You were recently the Rona Jaffe Fellow at The MacDowell Colony. Can you tell us more about your time there?
I think the most lasting thing about my visit was being allowed to exist as a writer for two months. When you’re working jobs to get by financially so that you can go home and work at your secret job, the job you truly love and think about all day long—the chance to do that job full-time is an incredible gift in itself.
Also, people don’t ask you to apologize for what you do when you’re at an artist colony. People just assume you’re doing something important. This is the often the opposite of growing up in the Midwest, where most people assume I must be doing something really unimportant, because I don’t make any money. Being surrounded by the assumption that what you’re doing is important results in confidence, something that every creative person needs in droves if they want to do anything at all worthwhile.
It was one of those life-changing experiences I don’t really know how to talk about without sounding trite. I ate wonderful food, met wonderful people, and felt completely cared for in every way, which allowed me to focus on my thoughts. While there, I realized how many times during the course of an average day at home, I have the beginning of a poem but no time to follow through. At MacDowell I was able to follow through.
Honestly, it’s the kind of gratitude I can’t figure out how to adequately express. My whole life has changed for the better since my residency, in ways that really surprised me, and I have no doubt that the MacDowell Colony and the Rona Jaffe Foundation are responsible for that.
What other writing projects are you currently working on?
Right now I’m writing a lot of poems with a background image in mind—the Wizard of Oz being revealed, the moment the curtain is pulled back and a sad little man is found to be working a machine that makes the magic, and the faces of the fooled who had hoped so hard. Just that split second of the revelation, not the before or after of it.
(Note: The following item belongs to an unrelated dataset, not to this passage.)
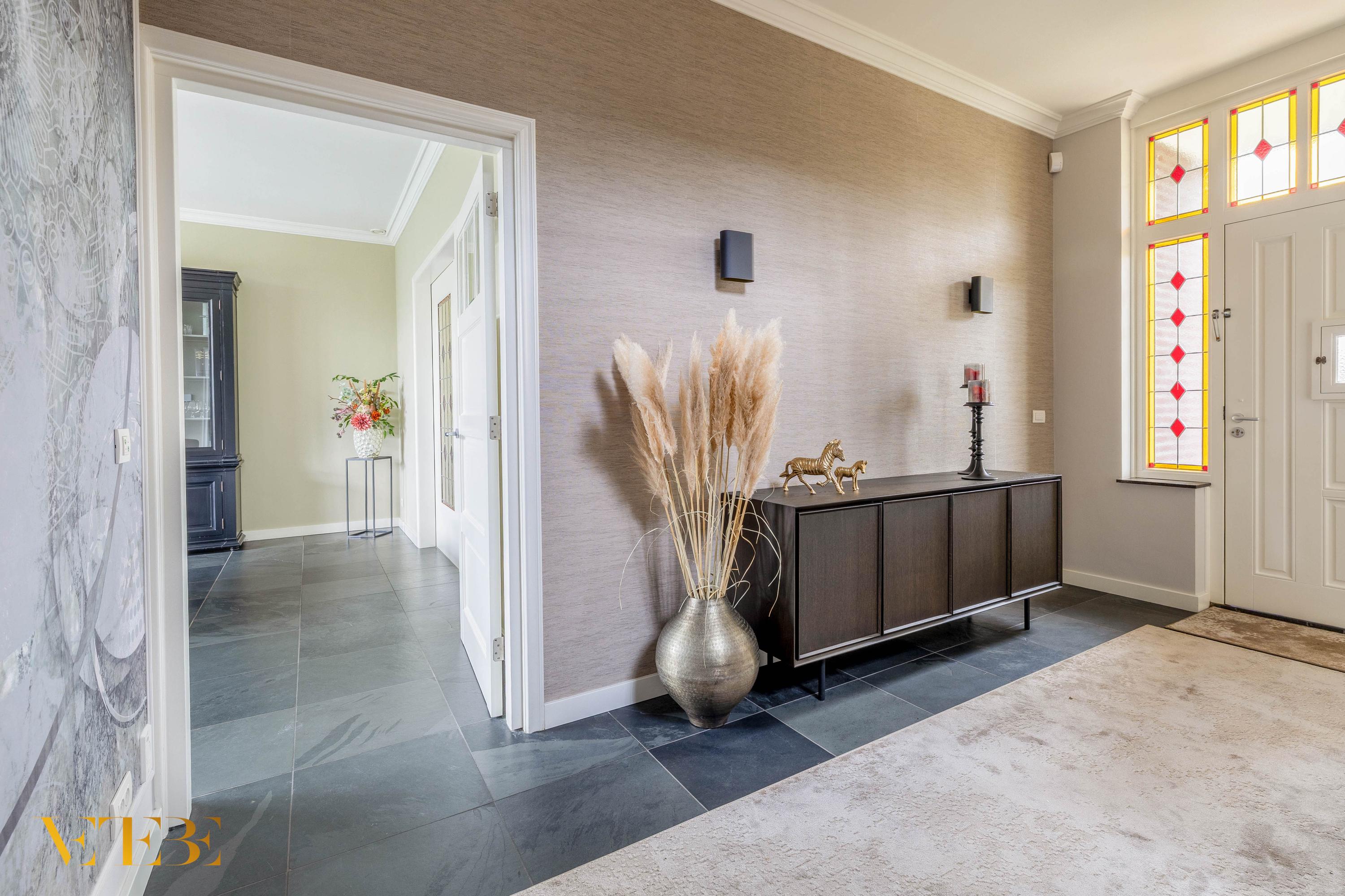 De begane grond (m.u.v. de garage) is voorzien van vloerverwarming. In de royale entree zijn het toilet met fonteintje en een trapkast aanwezig. Hier bevindt zich ook het kantoor (ca. 10,5m²) met tegelvloer, airco en een vaste kastenwand met schuifdeuren.

There’s also a masculine vanity at play in these new poems, paired with a dangerous impotence. The idea of ineffectuality is really interesting to me right now, like a horizon that just moves back ten feet every time you get close to it. There are people like that. So I have about twenty poems in this new series so far, which I’m thinking will be a chapbook called “In My Study of Hysteria.” I like the idea of a chapbook for these poems because they’re more unified in tone than the full-length manuscript I just finished. I am also in the beginning stages of editing an epistolary collaboration between myself and another writer with whom I have corresponded for over ten years.
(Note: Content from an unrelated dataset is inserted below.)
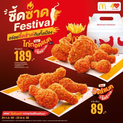 มาอร่อยซี้ดซ้าดกันทั้งเมือง! กับ ‘วิงส์แมคซี้ดซ้าด’ 2 ชิ้น เริ่มต้นเพียง 39 บาท และ 5 ชิ้น เริ่มต้นเพียง 89 บาท พิเศษ! สำหรับเแฟนไก่ทอดแมค กับ ‘ชุดไก่ทอดแมคซี้ดซ้าด’ (ชุด 1) การรวมตัวของความอร่อยจากไก่ทอดแมคสูตรซี้ดซ้าด 2ชิ้น และวิงส์แมคซี้ดซ้าด 4 ชิ้น พร้อมเฟรนช์ฟรายส์ขนาดกลาง ราคาเริ่มต้นเพียง 189 บาทได้แล้วตั้งแต่วันนี้ถึง 23 พฤศจิกายน 2568 ที่ร้านแมคโดนัลด์ทุกสาขาที่ร่วมรายการ,แมคไดร์ฟ ทรู และแมคดิลิเวอรี โทร.1711, เว็บไซต์ www.mcdonalds.co.th ติดตามรายละเอียดเพิ่มเติมได้ที่ Facebook.com/McThai

What great books have you read recently?
Songs of Kabir, translated by Arvind Krishna Mehrotra, was a highlight of the summer. Mariana Marin’s Paper Children is beautiful and I’ve returned to it all month long—it’s been out from Ugly Duckling Presse for a bit of time but I’m new to it. The same goes for Matthew Rohrer’s A Plate of Chicken. My friend Virginia Konchan is one of my favorite poets, and her manuscript sits by my bed for ease of access. I read The Epic of Gilgamesh recently and swooned—it has a wild man in it.
I’m usually broke so I can’t buy books very often. This means I read a lot of poems individually or in clusters, as my primary access to current poetry is online. I was teaching at a university last year but I moved away, and I really miss their library in terms of contemporary poetry. So my reading includes a lot of online journals—I love Guernica, Boston Review, and Little Star. A poem by Zbigniew Herbert completely changed my life this summer: Achilles. Penthesilea—you can read the Joseph Brodsky translation here. I’ve read it about two million times in two months.